Entangled Ropes

Four children are playing holding two ropes. Initially, the children are positioned in the four corners of a square, numbered 1 to 4 as shown below:

In the beginning of the play, the children in positions 1 and 4 hold a rope, and the children in positions 2 and 3 hold the other rope. Then the children perform a sequence of movements that can be of three types:

• Movement + : Children in positions 1 and 2 switch places, and the child at position 2 pass the rope over the child at position 1.
• Movement - : Children in positions 1 and 2 switch places, and the child at position 1 pass the rope over the child at position 2.
• Movement * : Children rotate clockwise. Who is in the position 1 goes to position 2, who is in position 2 goes to position 3, who is in position 3 goes to position 4, and who is in position 4 goes to position 1.

You must develop a program to predict the end of the game: After a given sequence of movements, do the ropes can be completely separated as they were initially without the children change places?

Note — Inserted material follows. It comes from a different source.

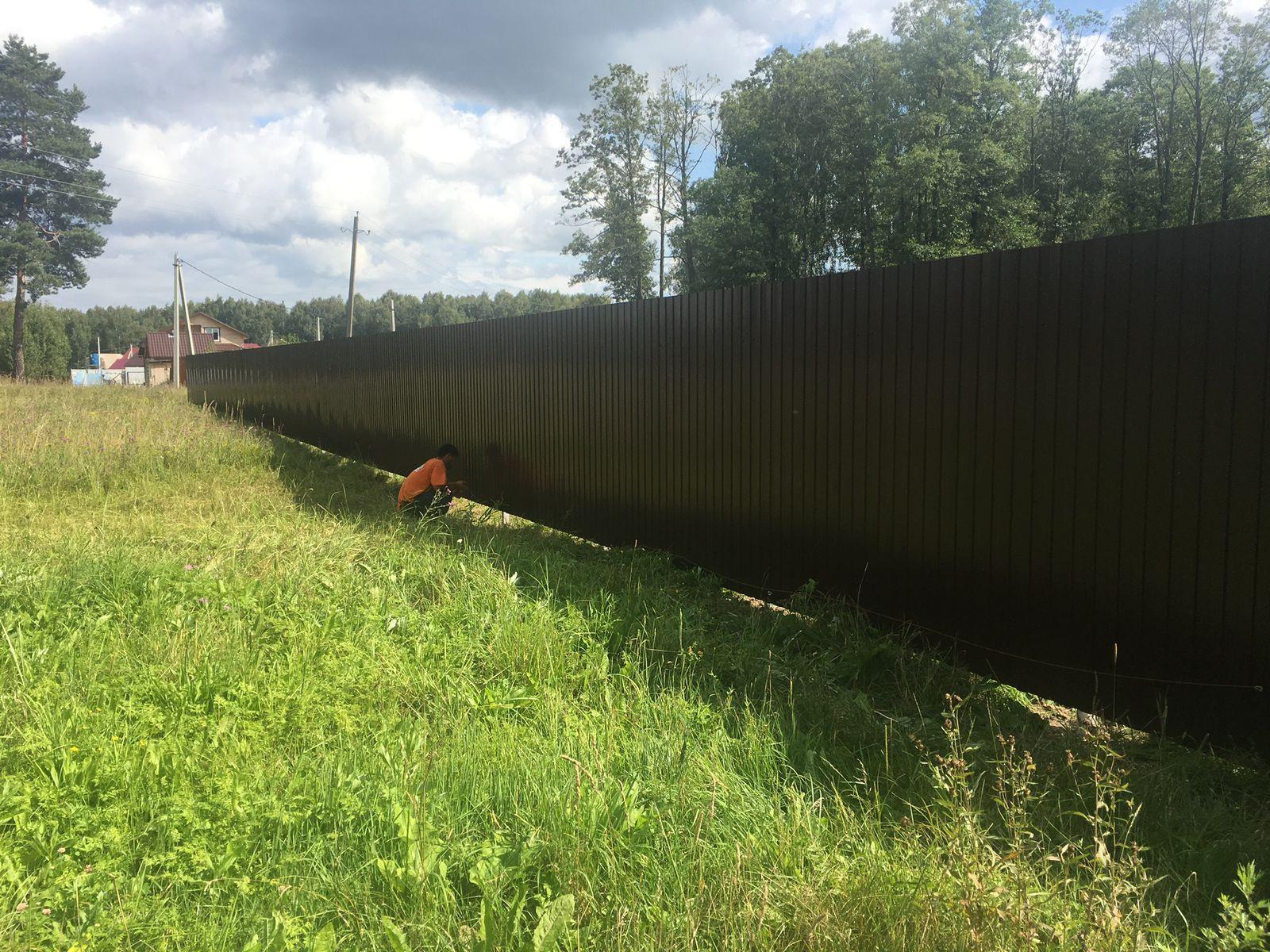 Поселок под охраной , вьезд через откатные ворота .

John Conway is one of the children participating in the game. He is a very smart boy and decided to give you a hint to solve the problem: after the sequence of movements, the ropes can not be completely separated if and only if the sequence of movements is equivalent to a sequence of alternating movements. A sequence of movements is alternating if it switches the '+' and '-' movements between a movement of '*', using the format "+++...+++*---...---*+++...". For example, "+++", "-*++*-" and "+++*----*" are alternating sequences. An alternating sequence is always started by a movement of '+' or '-', and don't have consecutives "*" movements, so sequences "*---*++" and "++**-" not are alternating. The sequence "+-++*+" is not alternating, but is equivalent to the alternating sequence "+*-*", because the two sequences leave the two ropes in the same situation.